I tend to think that clouds may provide a useful example to discuss but that we should not link this topic to closely to clouds so as to imply that clouds are the only or even a primary example. For the same reason I am concerned that focus on calling them "self-generated images" may be too limiting.
My suspicion is that this subject of particle flows is like eternity and infinity - the implications of this are huge and Epicurus is following the implications much more deeply than we would think of doing today. Those implications will derive from the presumption that all objects are constantly giving off streams of particles in all directions, and that these particles are constantly producing all sorts of results as their streams impact each other and interfere with each other. I think we should indeed be comparing these thoughts with modern optics/physics ideas like interference waves we discuss today. As with the example of clouds, the example of eyes and vision may be a primary example but not at all the only example. Is our understanding of magnetism today as deriving from particle flows really that much different than Epicurus is discussing? Is there really any reason to draw a bright line between our terminology of "energy" and what Epicurus was suggesting (that whatever exists has a real material basis to it)?

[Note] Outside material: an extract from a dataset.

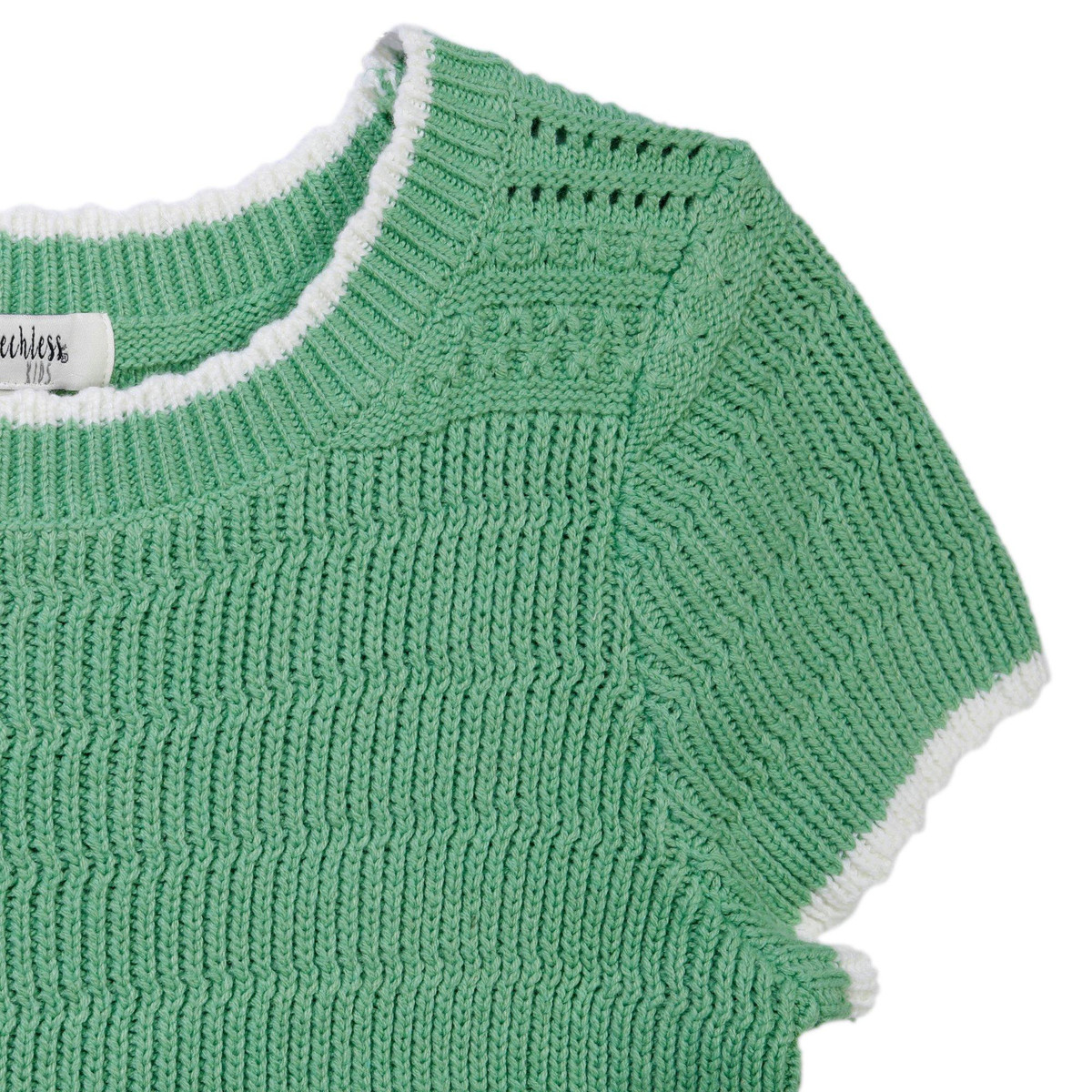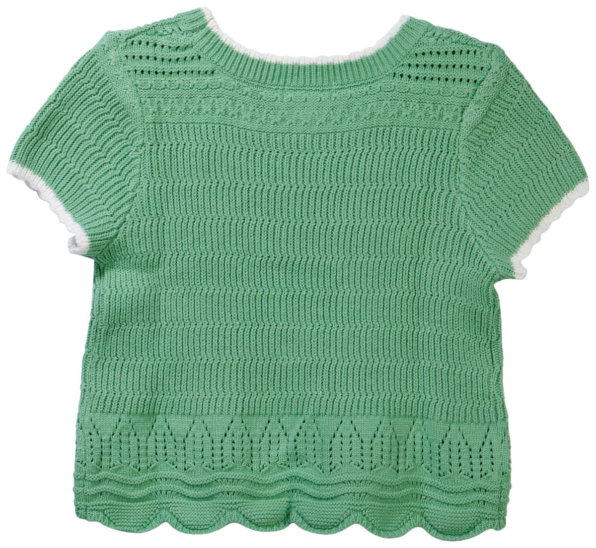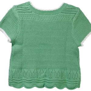 This big girls short sleeve crochet sweater top features a solid color with a classic crew neckline, short sleeves, and a scallop hem. Light and breezy, it adds a touch of charm to any outfit, perfect for layering or wearing on its own. Fabrication 60% cotton, 40% acrylic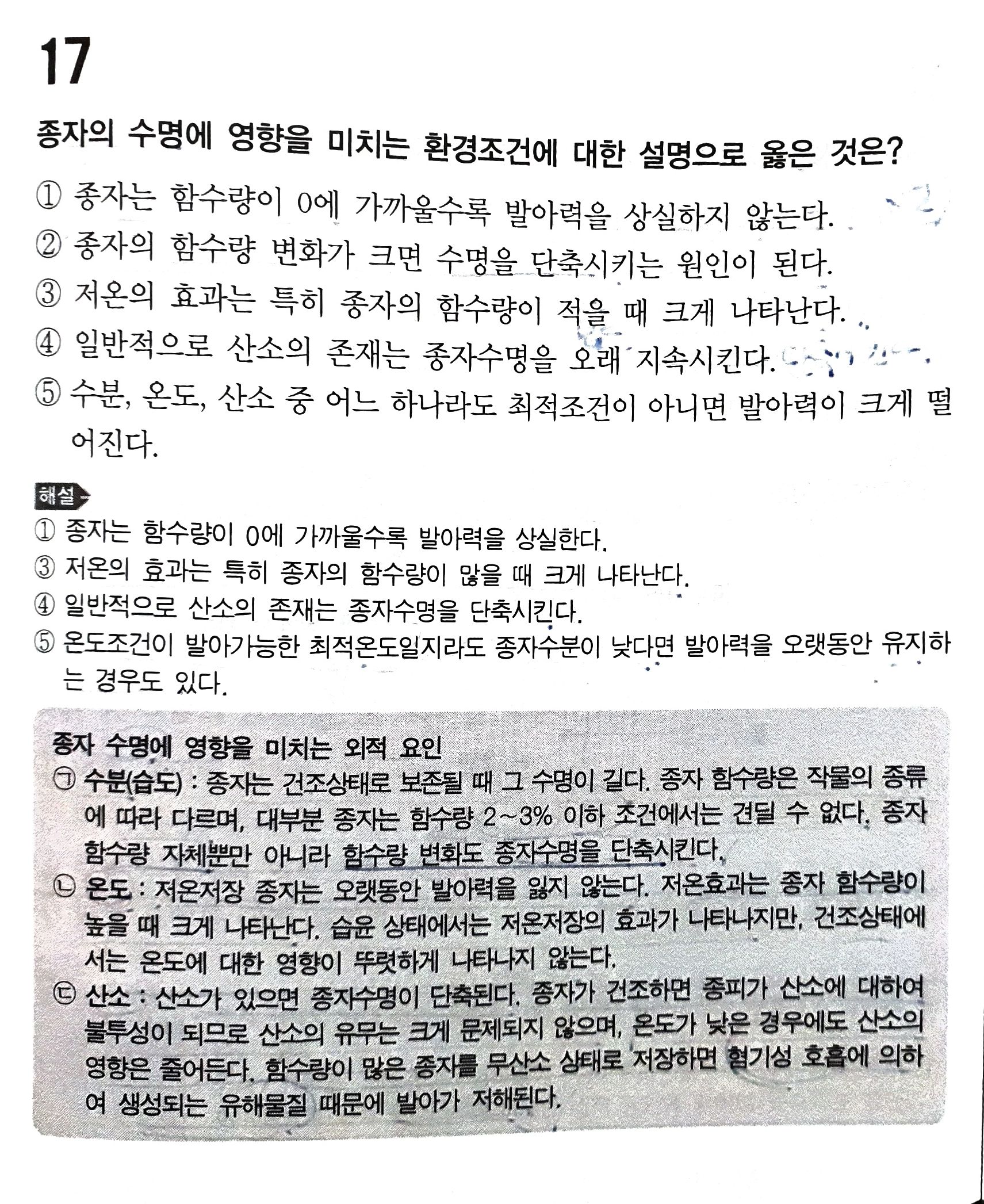 [작물생리학] 종자 수명 작성자양념감자|작성시간22.08.31|조회수155 목록 댓글 5 글자크기 작게가 글자크기 크게가 다른건 다 이해되는데, 5번이 이해가 가질 않아서요!! 5번도 맞는 문장 아닌가요??! 설명 부탁드리겠습니다... 꾸벅 다음검색 현재 게시글 추가 기능 열기 북마크 공유하기 신고 센터로 신고 댓글 댓글 5 댓글쓰기 답글쓰기 댓글 리스트 해당 댓글은 작성자와 운영진만 볼 수 있습니다. 해당 댓글은 작성자와 운영진만 볼 수 있습니다. 해당 댓글은 작성자와 운영진만 볼 수 있습니다. 해당 댓글은 작성자와 운영진만 볼 수 있습니다. 해당 댓글은 작성자와 운영진만 볼 수 있습니다. 댓글 전체보기

We haven't gotten yet to the discussion of magnetism as particle flows but that is going to be directly relevant: https://archive.org/details/lucret…e/n643/mode/2up
1743 Commentary on magnetism:
Excerpt from the text:
This is just a short clip - the whole section is important - we are not just talking about the process of sight.
As we continue through book four and the rest of the book we're going to confront many examples of illusions and phenomena that appear to derive from particle flows, and I think we need to keep a very open mind that his suggestions are not so ridiculous as they might seem. "Action at a distance", of which magnetism is maybe one of the easiest to grasp examples (since we can hold it in our hands so easily) must have an explanation other than magic or divinity, and as I understand the issues even as discussed today, particle flows remain a viable explanation. And if those particle flows we see in magnetism are really just one example of an essentially numberless quantity of particles flowing in all directions at all times, then Epicurus was right in considering this to be a very important subject and not just something for idle speculation.